Stored items:

^^^^^^^^^^^^^^^^

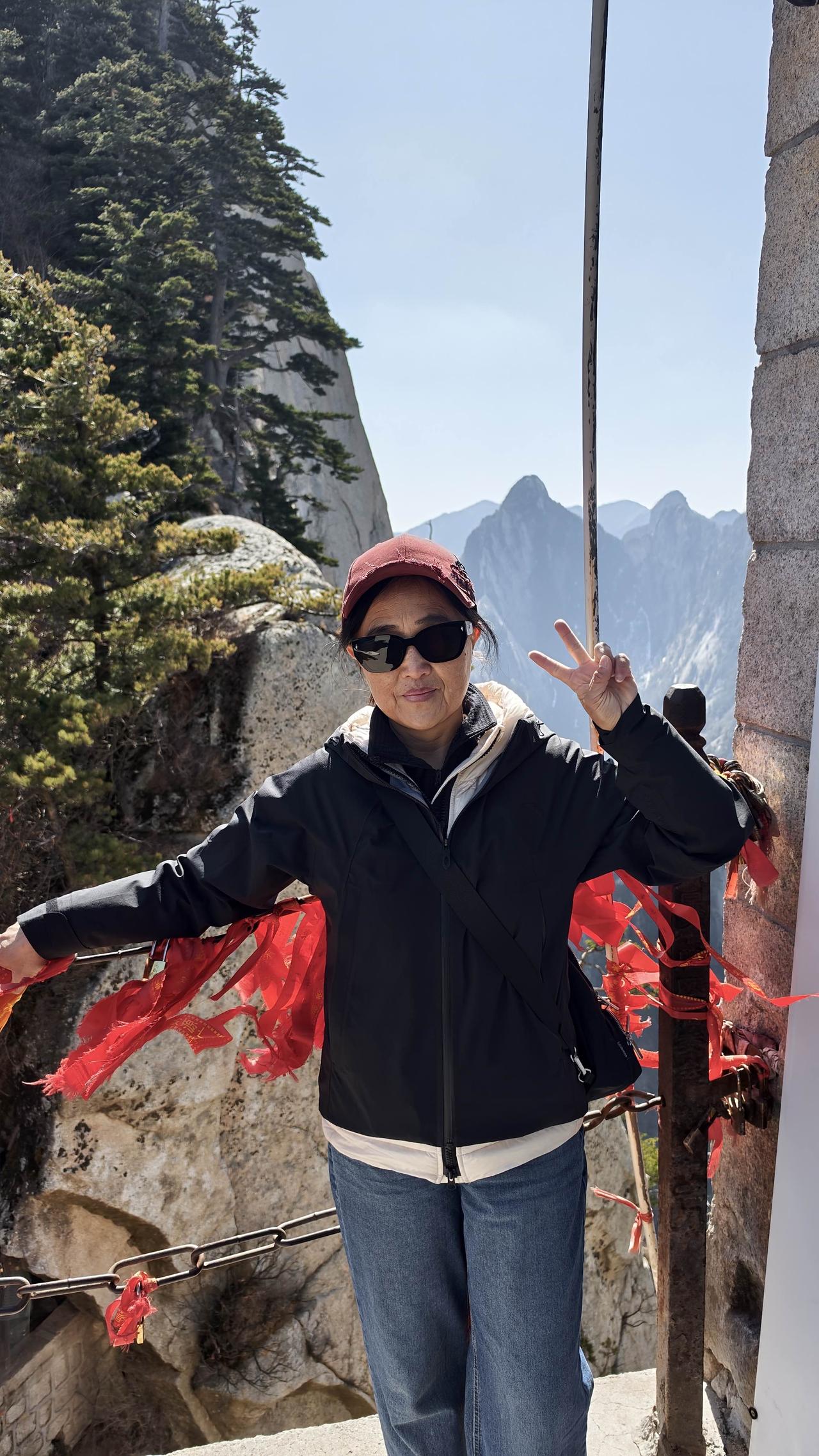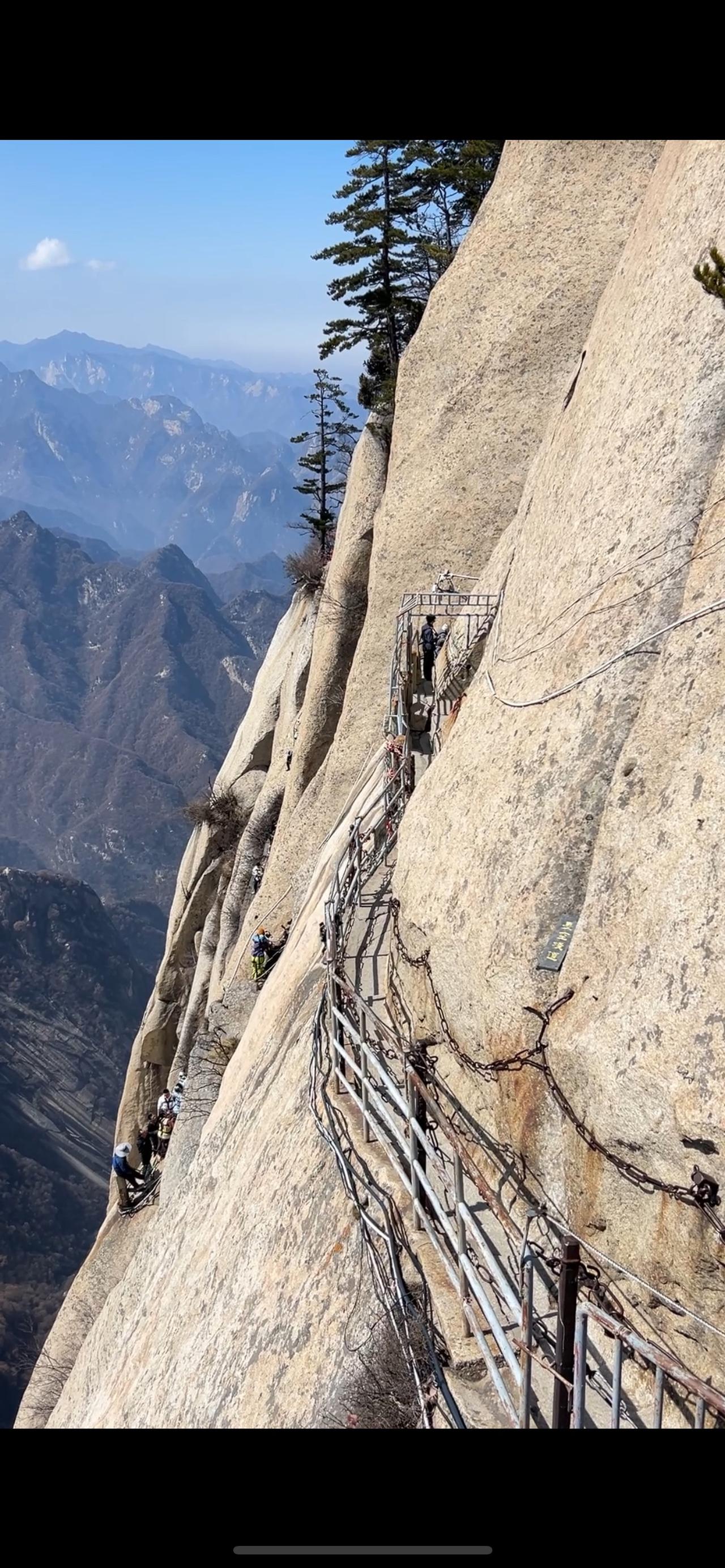 今天登华山,坐索道西上北下,爬了西、南、东、中、北五座山峰,用时7个小时,上山还可以,下山的确很消耗体力。长空栈道只有18岁-55岁的人才可以爬,我们想爬也没资格了,所以无论做什么一定要趁早。
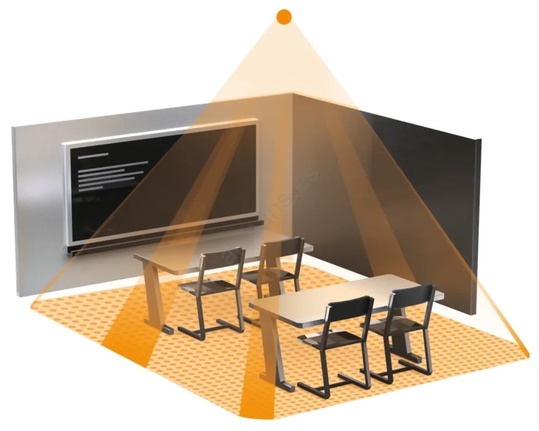 • Sensor infrarrojo de alta precisión con un área de detección de presencia 49 m² (7 x 7 m).
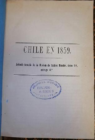 (ON61) - Chile - 22 x 15 cm - Cuatro obras sobre Chile encuadernadas en un volumen: I: "Chile en 1859", A. Cochut (autor), Imprenta Nacional, 1860, contiene 48 páginas - II: Chile, por Benjamín Vicuña Mackena (escrito en inglés), Times Printing House, Philadelphia, contiene 48 páginas (sin año de edición) - III: "Una Carta a Propósito de la Guerra entre Chile i las Repúblicas del Perú i Bolivia", Hermójenes de Irizarri, Imprenta Nacional, diciembre de 1880, contiene 38 páginas - IV: "Der Bürgerkrieg in Chile" mit porträts, karten und plänen, Hugo Kunz, Leipzig, In Commission Bei F. A. Brockhaus, año 1892, contiene 195 páginas, con retratos y planos - Todo encuadernado en medfio cuero café con parches rojos en el lomo - Tapas marmoladas - Lomo con algo de desgaste - Sello y timbres de la Biblioteca de la Sociedad de Empleados de Comercio - Conservan tapas originales - Buen estado |
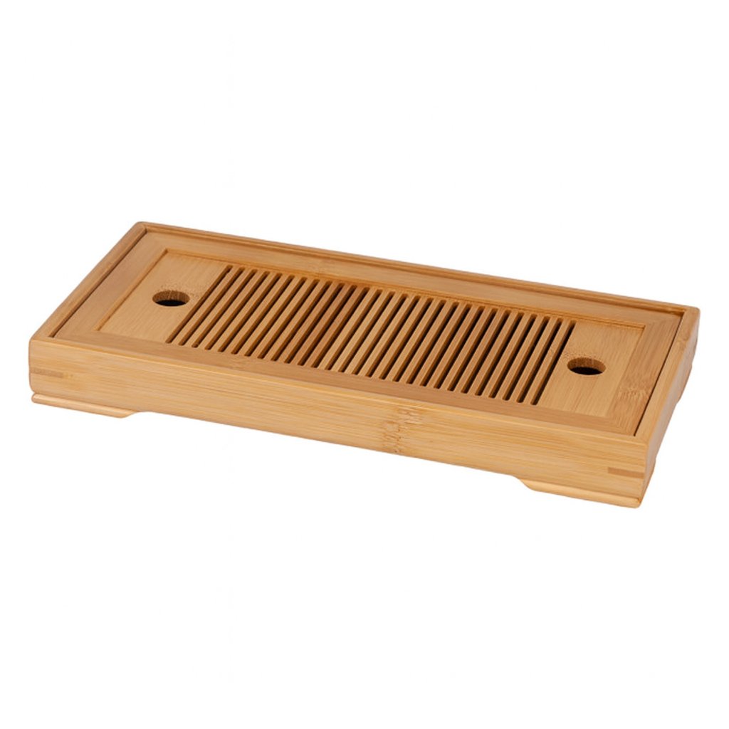 Podnos je vybaven mřížkovaným povrchem, který zachytává přebytečnou vodu a čaj. Pod ním se nachází vnitřní odkapávací prostor, kam tekutina volně stéká, takže čajová souprava i okolí zůstávají suché. Bambusová konstrukce zajišťuje pevnost, lehkost a přirozený vzhled, který se hodí do každého interiéru.
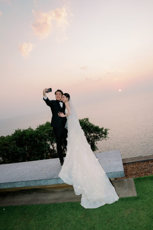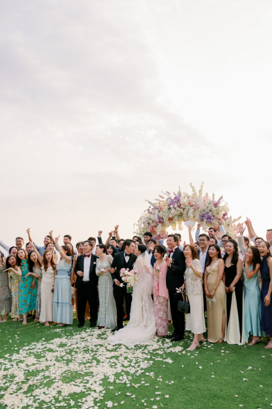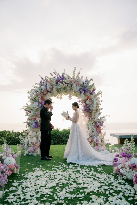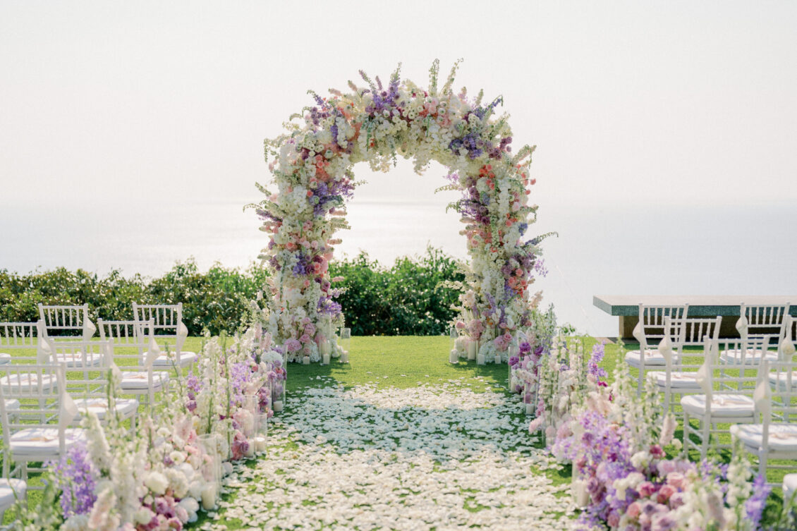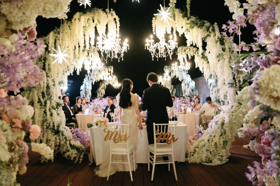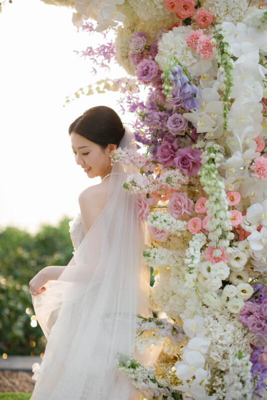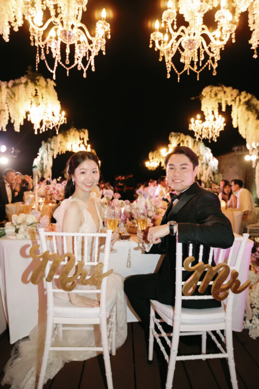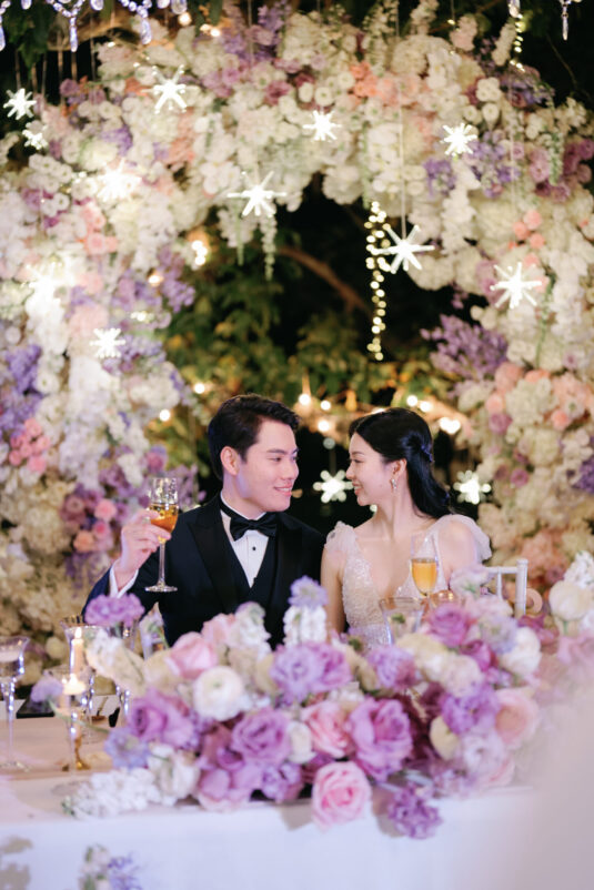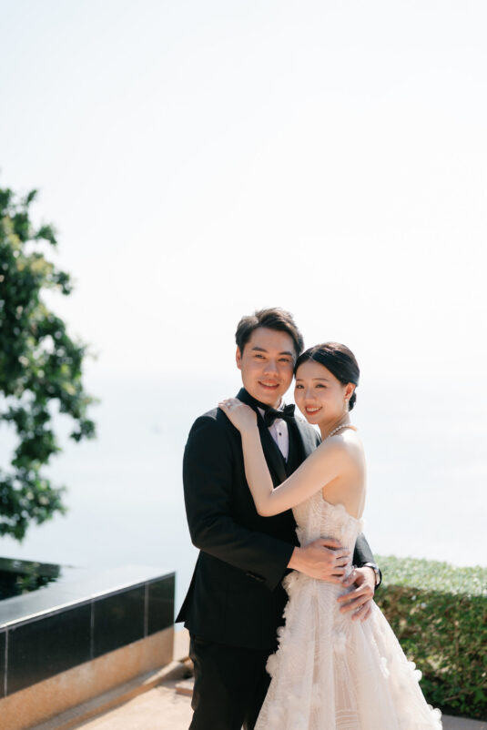 Cheryle and Johnnie’s destination wedding at Paresa Resort Phuket was the epitome of effortless elegance in Phuket. Surrounded by panoramic ocean views and kissed by a soft sea breeze, their seaside ceremony felt like a scene from a cinematic love story. Set against the turquoise horizon, the couple exchanged vows beneath a pastel-hued floral arch, where roses and orchids bloomed in delicate shades of pink, lilac, and ivory. The aisle, blanketed with white rose petals and flanked by lush floral clusters, struck a beautiful balance between luxurious and understated—proof that effortless elegance in Phuket comes down to thoughtful details and impeccable styling.

^^^^^^^^^^^^^^^^

__Assignment__
What is needed is the exact run of lines from the start of the data through the line with "Podnos je vybaven", both ends included, minus the pictures.

__Answer to this task__
 今天登华山,坐索道西上北下,爬了西、南、东、中、北五座山峰,用时7个小时,上山还可以,下山的确很消耗体力。长空栈道只有18岁-55岁的人才可以爬,我们想爬也没资格了,所以无论做什么一定要趁早。
 • Sensor infrarrojo de alta precisión con un área de detección de presencia 49 m² (7 x 7 m).
 (ON61) - Chile - 22 x 15 cm - Cuatro obras sobre Chile encuadernadas en un volumen: I: "Chile en 1859", A. Cochut (autor), Imprenta Nacional, 1860, contiene 48 páginas - II: Chile, por Benjamín Vicuña Mackena (escrito en inglés), Times Printing House, Philadelphia, contiene 48 páginas (sin año de edición) - III: "Una Carta a Propósito de la Guerra entre Chile i las Repúblicas del Perú i Bolivia", Hermójenes de Irizarri, Imprenta Nacional, diciembre de 1880, contiene 38 páginas - IV: "Der Bürgerkrieg in Chile" mit porträts, karten und plänen, Hugo Kunz, Leipzig, In Commission Bei F. A. Brockhaus, año 1892, contiene 195 páginas, con retratos y planos - Todo encuadernado en medfio cuero café con parches rojos en el lomo - Tapas marmoladas - Lomo con algo de desgaste - Sello y timbres de la Biblioteca de la Sociedad de Empleados de Comercio - Conservan tapas originales - Buen estado |
 Podnos je vybaven mřížkovaným povrchem, který zachytává přebytečnou vodu a čaj. Pod ním se nachází vnitřní odkapávací prostor, kam tekutina volně stéká, takže čajová souprava i okolí zůstávají suché. Bambusová konstrukce zajišťuje pevnost, lehkost a přirozený vzhled, který se hodí do každého interiéru.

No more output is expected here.